Потом самолет ушел, и началось что-то другое или то же самое, но без этого нарастающего гула, и града пуль, и ожидания, пока бомба летела, и облегчения, когда она падала в воду. Больше можно было не стрелять, и теперь все тушили пожар во главе с боцманом, который кидал на огонь рокана и робы, а потом сам падал на них, не давая огню выбиваться из-под одежды.

Но и это короткое время, когда все занимались только пожаром, вдруг кончилось, потому что часовой у тамбучи сорвал винтовку и наставил ее на заключенных, поднимавшихся по трапу. Он закричал: «Стой, убью!» — но заключенные все-таки поднимались, тоже что-то бессвязно крича. Он выстрелил бы, если бы Сбоев не схватил его за руку.

— Вода, вода! — кричали заключенные. Их головы торчали теперь над люком.

Они еще медлили, боялись, но снизу напирали другие, и на палубе стояли уже четверо или пятеро, крича:

— Вода, вода! В трюме вода!

31

Когда больше не нужно было уклоняться от бомб и «Онега» могла продолжать свой путь, Миронов передал командование помощнику, а сам спустился на палубу, где еще гасили огонь. Он ходил с трудом. Буфетчица (она же и санитарка) слишком туго перевязала ногу, и нога онемела, может быть, еще и потому, что кусок щепы так и не удалось вытащить из раны.

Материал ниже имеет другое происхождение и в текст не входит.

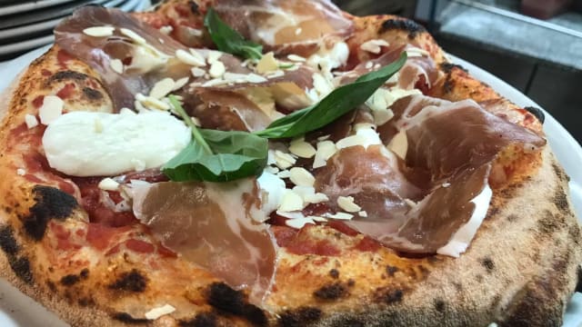 Bufalo dop pesto siallano, pomodorino, prosciutto crudo di parma, rucola e scaglie di grana
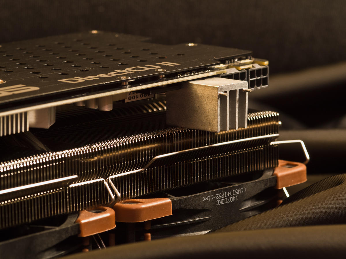 Dies erklärt wohl auch die Ineffizienz des Standardkühlers von ASUS, denn der Körper scheint die zu kühlenden SpaWas nur schlecht bis gar nicht zu berühren. In dem Fall bräuchte man also wieder ein höheres Wärmeleitpad, um die Unebenheiten auszugleichen.
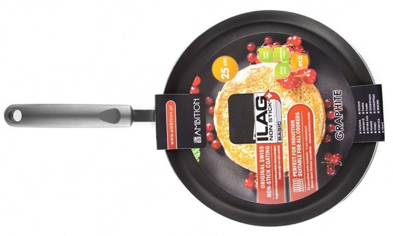 Clatitele sunt unul dintre acele feluri de mancare care, desi sunt usor de preparat, necesita uneltele potrivite pentru a atinge perfectiunea. Tigaia pentru clatite din aluminiu Graphite de la Ambition nu este doar o unealta, ci un adevarat aliat in bucataria oricarui iubitor al acestor delicatese. Fabricata din aluminiu, aceasta asigura o incalzire rapida si uniforma, ceea ce reprezinta cheia pentru clatite perfect subtiri si uniform gatite. Designul si functionalitatea sa unica fac din prajire o adevarata placere. Nu lasati ca prepararea clatitelor sa devina o provocare! In interiorul tigaii se afla invelisul original elvetian Ilag Basic care garanteaza proprietati antiaderente excelente. Datorita acestuia puteti fi siguri ca fiecare clatita se va intoarce fara efort si isi va pastra forma si culoarea perfecte. Acest strat este, de asemenea, rezistent la zgarieturi si la abraziune.
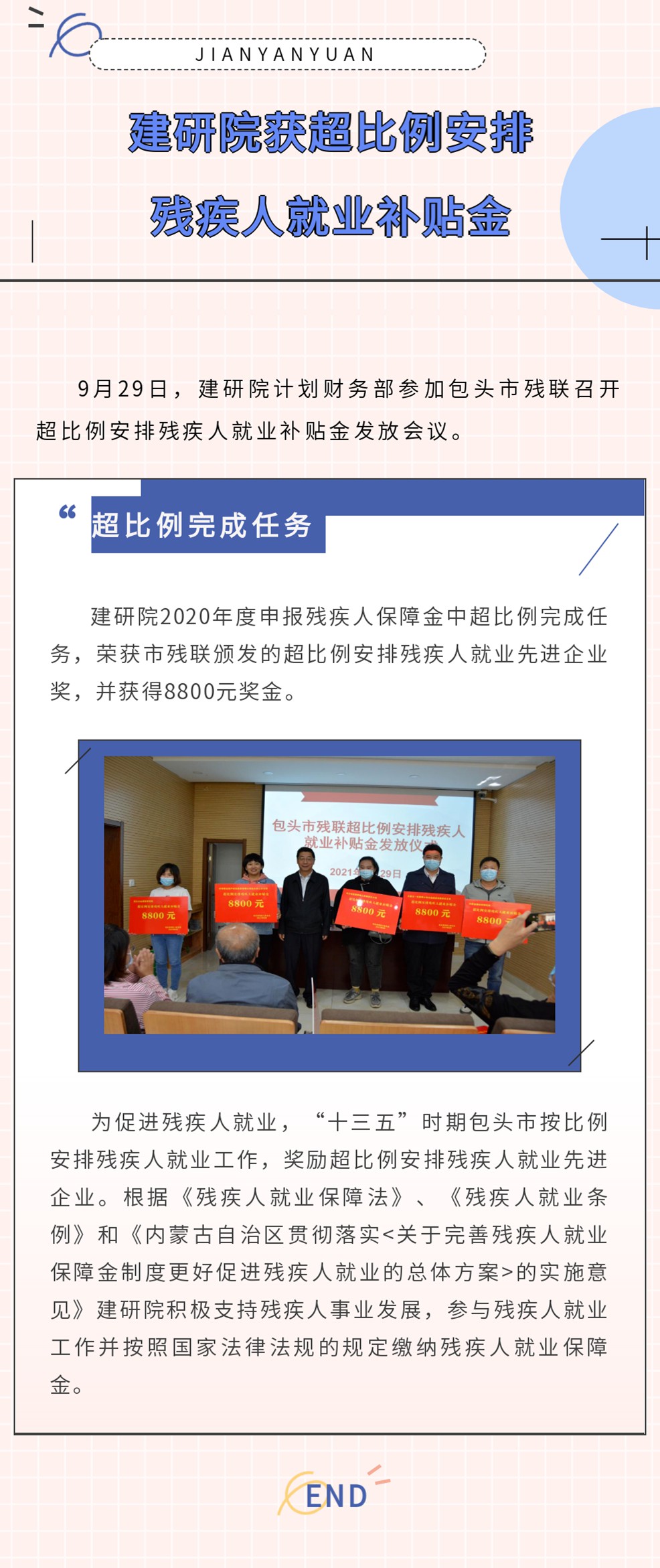 包头冶金建筑研究院获超比例安排残疾人就业补贴金
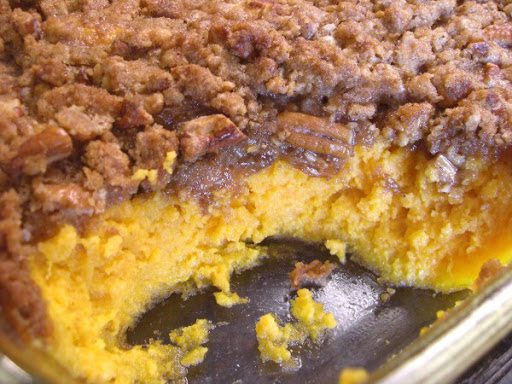In a large bowl, beat together all the filling ingredients with an electric mixer. Pour into a greased, 9×13-baking dish. In a separate bowl, mix all the topping ingredients together with a fork to form a crumbled mixture. Spread crumb mixture on top of casserole and bake in the middle of the oven for 35-40 minutes. Remove from oven and allow casserole to cool for at least 10-20 minutes before serving.
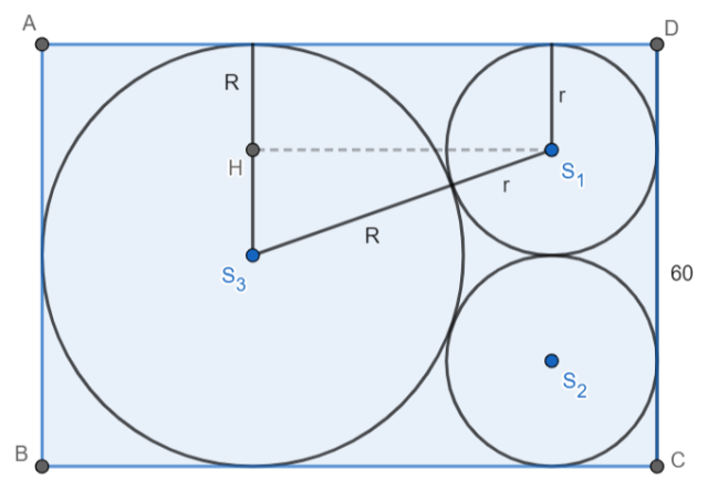 Musisz obliczyć długość pozostałego boku prostokąta na podstawie zależności między okręgami i prostokątem.
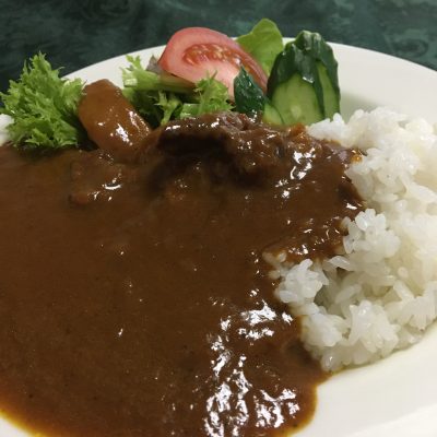ビーフカレーライスと野菜サラダ。
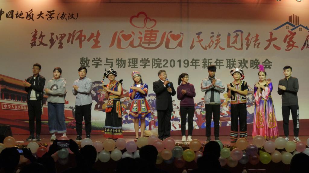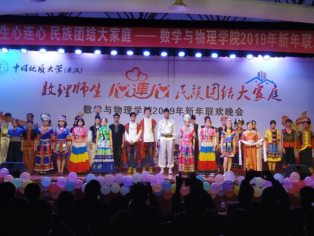 2018年12月20日晚,数理师生心连心 民族团结大家庭——十大买球官方网站2019年新年联欢晚会在大学生活动中心二楼举行。校党委书记何光彩、党委常委组织部部长储祖旺、党委宣传部部长胡守庚、党委统战部部长唐勤、党委保卫部部长代清风、资源学院党委书记李宇凯、学校办公室副主任刘东杰、监察处副处长李杰、学生工作处副处长苏洪涛、学生工作处副处长蒋怀柳、学生就业创业处副处长陈慧、校团委黄蕾、学工处少数民族学生工作办公室各位老师以及十大买球官方网站党政班子成员、各系主任、党支部书记、学工组和院直的各位老师与学院学生共同观看了晚会。

Огонь перекинулся на корму, и нужно было что-то придумать с боезапасом Сбоева, лежавшим в ящиках на корме. Но прежде Миронов прошел в свою каюту (выглядевшую до странности мирно, если не считать расколотого стола) и положил в несгораемый ящик судовые документы. Уходя, он сорвал перекосившуюся дверцу стенного шкафа и сунул в карман бутылку коньяку. Нога была уже как неловко подставленное полено, на которое нужно было ступать, как это ни трудно, а ступая, непременно волочить за собой.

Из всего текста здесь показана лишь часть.